**WHAT YOU HAVE TO DO**
An exact copy of the lines from the top of the data through the line with "Sly almost always" is what you should give, with no pictures in it.

**AVAILABLE DATA**

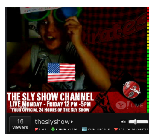
Figure 5. On The Sly Show, Sly often overlays text banners, a station bug (logo in the lower right side), and event graphics (the USA flag in this example).

Sly almost always has a text banner overlaid on his video and often adds other graphics and icons (Figure 5). He says "Consistency is the core key to success," so he tries to incorporate his video into a more 'professional' style with logo overlays as seen on broadcast TV. He believes the combination of show
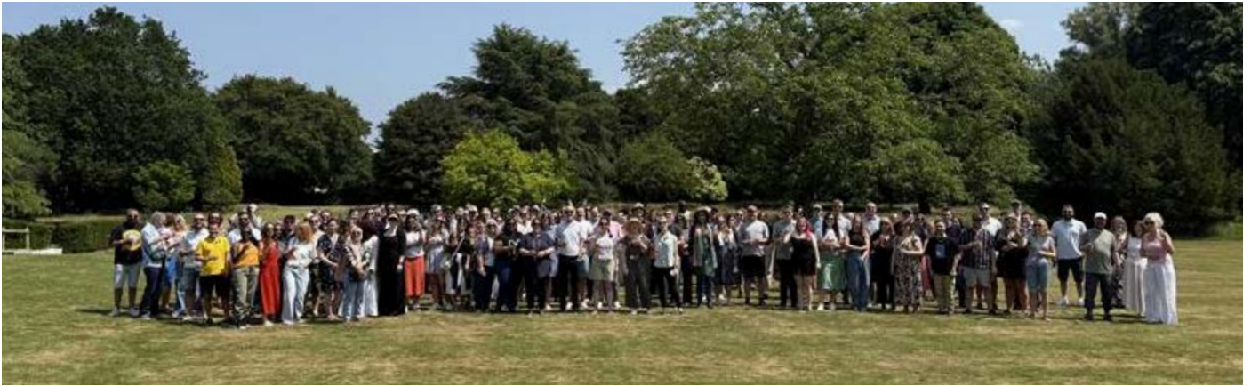
University staff celebrate the new name at their summer barbecue at Shinfield Grange

**ANSWER TO THE EXERCISE**
Figure 5. On The Sly Show, Sly often overlays text banners, a station bug (logo in the lower right side), and event graphics (the USA flag in this example).

Sly almost always has a text banner overlaid on his video and often adds other graphics and icons (Figure 5). He says "Consistency is the core key to success," so he tries to incorporate his video into a more 'professional' style with logo overlays as seen on broadcast TV. He believes the combination of show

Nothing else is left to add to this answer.